[Listed records]

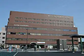 Ebenfalls gegen Ende des Pazifikkriegs begann der Bau einer kurzen Verbindungsstrecke zwischen der Iwakura-Zweiglinie und dem Bahnhof Shin-Komaki an der Komaki-Linie. Diese ging am 1. Mai 1945 in Betrieb, während der nicht mehr genutzte Kopfbahnhof der Iwakura-Zweiglinie stillgelegt wurde. Damit verbunden war am selben Tag auch die Umbenennung des Bahnhofs Shin-Komaki in Komaki.[7] Am 26. April 1964 legte die Meitetsu die Iwakura-Zweiglinie still[8] und 1968 gab sie den Güterumschlag auf.[9] 1977 begannen städtebauliche Planungen im Zusammenhang mit der Modernisierung des Stadtzentrums. Darin enthalten war auch eine Neutrassierung der Komaki-Linie, wodurch zahlreiche höhengleiche Bahnübergänge aufgehoben werden sollten. Ab 1983 entstand etwa 150 Meter östlich des bisherigen ebenerdigen Bahnhofs ein neuer Tunnelbahnhof mit den dazu gehörenden Zulaufstrecken. Die Inbetriebnahme erfolgte am 23. April 1989. Das Bahnhofsgebäude mit dem Meitetsu Komaki Hotel war im November 1990 fertiggestellt.[10]
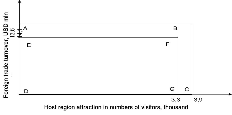 We believe that the large-scale sport events like the Olympic Games may be the key drivers for the host region positive image building. Their direct and indirect positive impacts are generally due both to the growing economic activity in the area and better perception of the host region by the people worldwide, with the improved attitudes normally followed by inflows of the national and international investments. In this study we have analysed the regional development indices versus the impacts of the large-scale sport events on the subject Krasnodar Territory to analyse and assess, among other things, the impact of the sports-specific PR projects on the host region’s image. We applied an adapted version of the A. J. Hildreth scale to process the obtained data and develop a Krasnodar Territory image rating model: see Figure 1 hereunder; with the horizontal axis showing the host region attraction as verified by the numbers of visitors; and the vertical axis – foreign trade turnover of the host region.
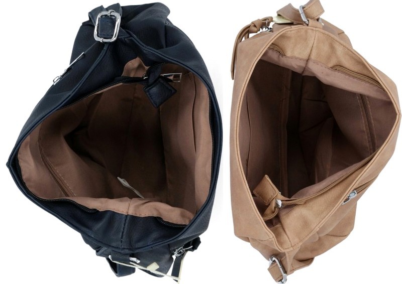 1. Kompaktowa, a zarazem pojemna torebka posiada jedną przegrodę, zamykaną na zamek błyskawiczny,
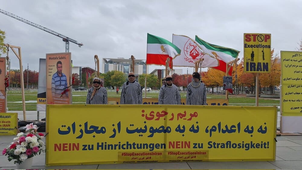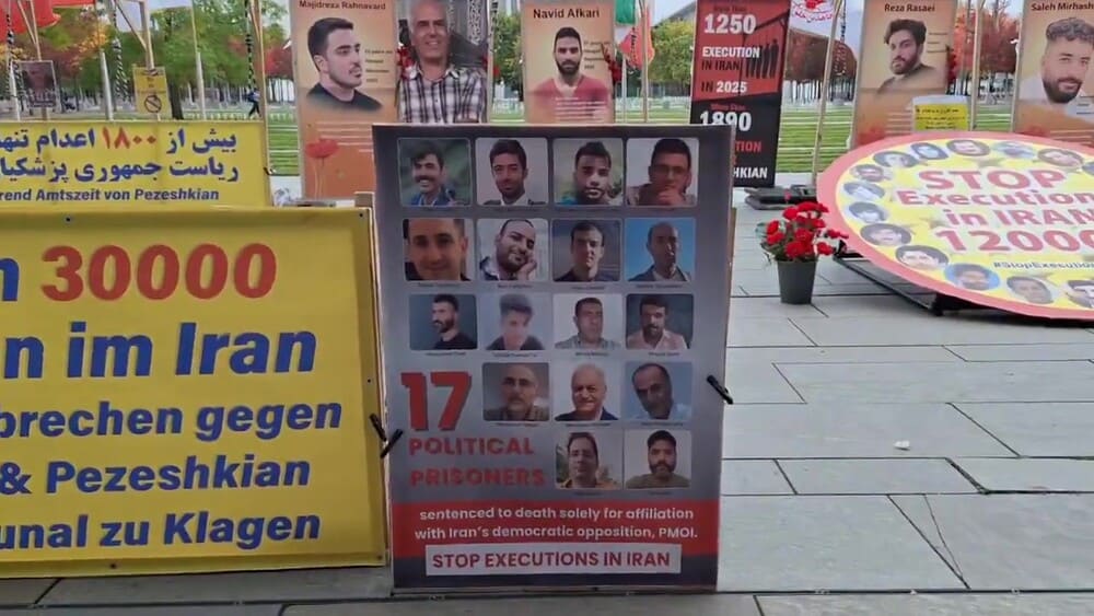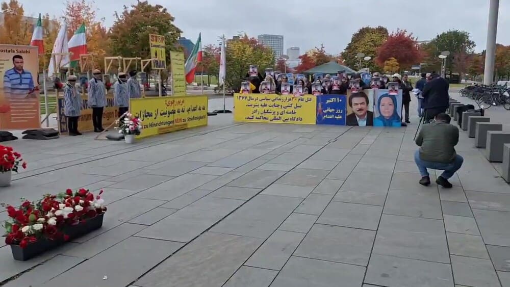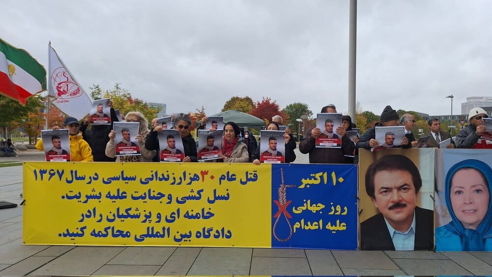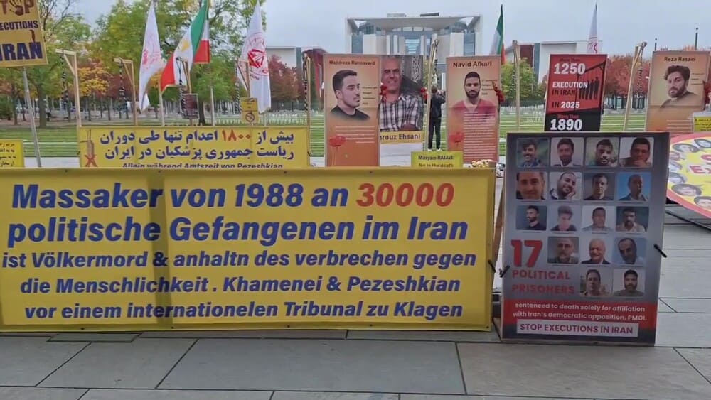 Protesters specifically called attention to political prisoners Mohammad Javad Vafaei-Sani and Ehsan Faridi, who face imminent death sentences, along with 15 other MEK supporters at risk of execution. Demonstrators urged the United Nations, the German government, and the international community to act immediately to protect these prisoners. They recalled the massacre of 30,000 political prisoners in the 1988 massacre in Iran by the clerical regime and, noting the continuation of executions in Iran, called for an end to the impunity of the regime’s leaders and agents and for their trial in an international court for crimes against humanity.
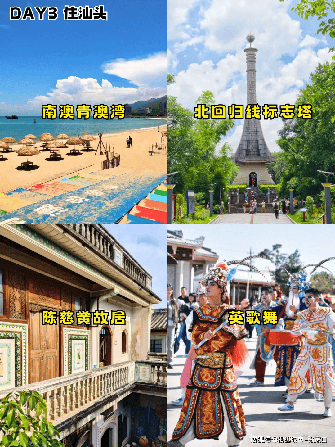 第四天:汕头市区游玩上午:参观汕头博物馆,了解汕头的历史文化和发展变迁。中午:尝试汕头的牛肉火锅,鲜嫩的牛肉在锅里涮几下就可以吃了,配上沙茶酱,味道绝了。下午:去礐石风景区,这里有奇特的自然景观和人文景观,可以俯瞰整个汕头市区和汕头海湾。晚上:在市区的夜市感受汕头的夜生活,品尝当地的特色甜品。

[/Listed records]

### Assignment
Drop the pictures and reproduce the rest of the data exactly.

### Answer space
 Ebenfalls gegen Ende des Pazifikkriegs begann der Bau einer kurzen Verbindungsstrecke zwischen der Iwakura-Zweiglinie und dem Bahnhof Shin-Komaki an der Komaki-Linie. Diese ging am 1. Mai 1945 in Betrieb, während der nicht mehr genutzte Kopfbahnhof der Iwakura-Zweiglinie stillgelegt wurde. Damit verbunden war am selben Tag auch die Umbenennung des Bahnhofs Shin-Komaki in Komaki.[7] Am 26. April 1964 legte die Meitetsu die Iwakura-Zweiglinie still[8] und 1968 gab sie den Güterumschlag auf.[9] 1977 begannen städtebauliche Planungen im Zusammenhang mit der Modernisierung des Stadtzentrums. Darin enthalten war auch eine Neutrassierung der Komaki-Linie, wodurch zahlreiche höhengleiche Bahnübergänge aufgehoben werden sollten. Ab 1983 entstand etwa 150 Meter östlich des bisherigen ebenerdigen Bahnhofs ein neuer Tunnelbahnhof mit den dazu gehörenden Zulaufstrecken. Die Inbetriebnahme erfolgte am 23. April 1989. Das Bahnhofsgebäude mit dem Meitetsu Komaki Hotel war im November 1990 fertiggestellt.[10]
 We believe that the large-scale sport events like the Olympic Games may be the key drivers for the host region positive image building. Their direct and indirect positive impacts are generally due both to the growing economic activity in the area and better perception of the host region by the people worldwide, with the improved attitudes normally followed by inflows of the national and international investments. In this study we have analysed the regional development indices versus the impacts of the large-scale sport events on the subject Krasnodar Territory to analyse and assess, among other things, the impact of the sports-specific PR projects on the host region’s image. We applied an adapted version of the A. J. Hildreth scale to process the obtained data and develop a Krasnodar Territory image rating model: see Figure 1 hereunder; with the horizontal axis showing the host region attraction as verified by the numbers of visitors; and the vertical axis – foreign trade turnover of the host region.
 1. Kompaktowa, a zarazem pojemna torebka posiada jedną przegrodę, zamykaną na zamek błyskawiczny,
 Protesters specifically called attention to political prisoners Mohammad Javad Vafaei-Sani and Ehsan Faridi, who face imminent death sentences, along with 15 other MEK supporters at risk of execution. Demonstrators urged the United Nations, the German government, and the international community to act immediately to protect these prisoners. They recalled the massacre of 30,000 political prisoners in the 1988 massacre in Iran by the clerical regime and, noting the continuation of executions in Iran, called for an end to the impunity of the regime’s leaders and agents and for their trial in an international court for crimes against humanity.
 第四天:汕头市区游玩上午:参观汕头博物馆,了解汕头的历史文化和发展变迁。中午:尝试汕头的牛肉火锅,鲜嫩的牛肉在锅里涮几下就可以吃了,配上沙茶酱,味道绝了。下午:去礐石风景区,这里有奇特的自然景观和人文景观,可以俯瞰整个汕头市区和汕头海湾。晚上:在市区的夜市感受汕头的夜生活,品尝当地的特色甜品。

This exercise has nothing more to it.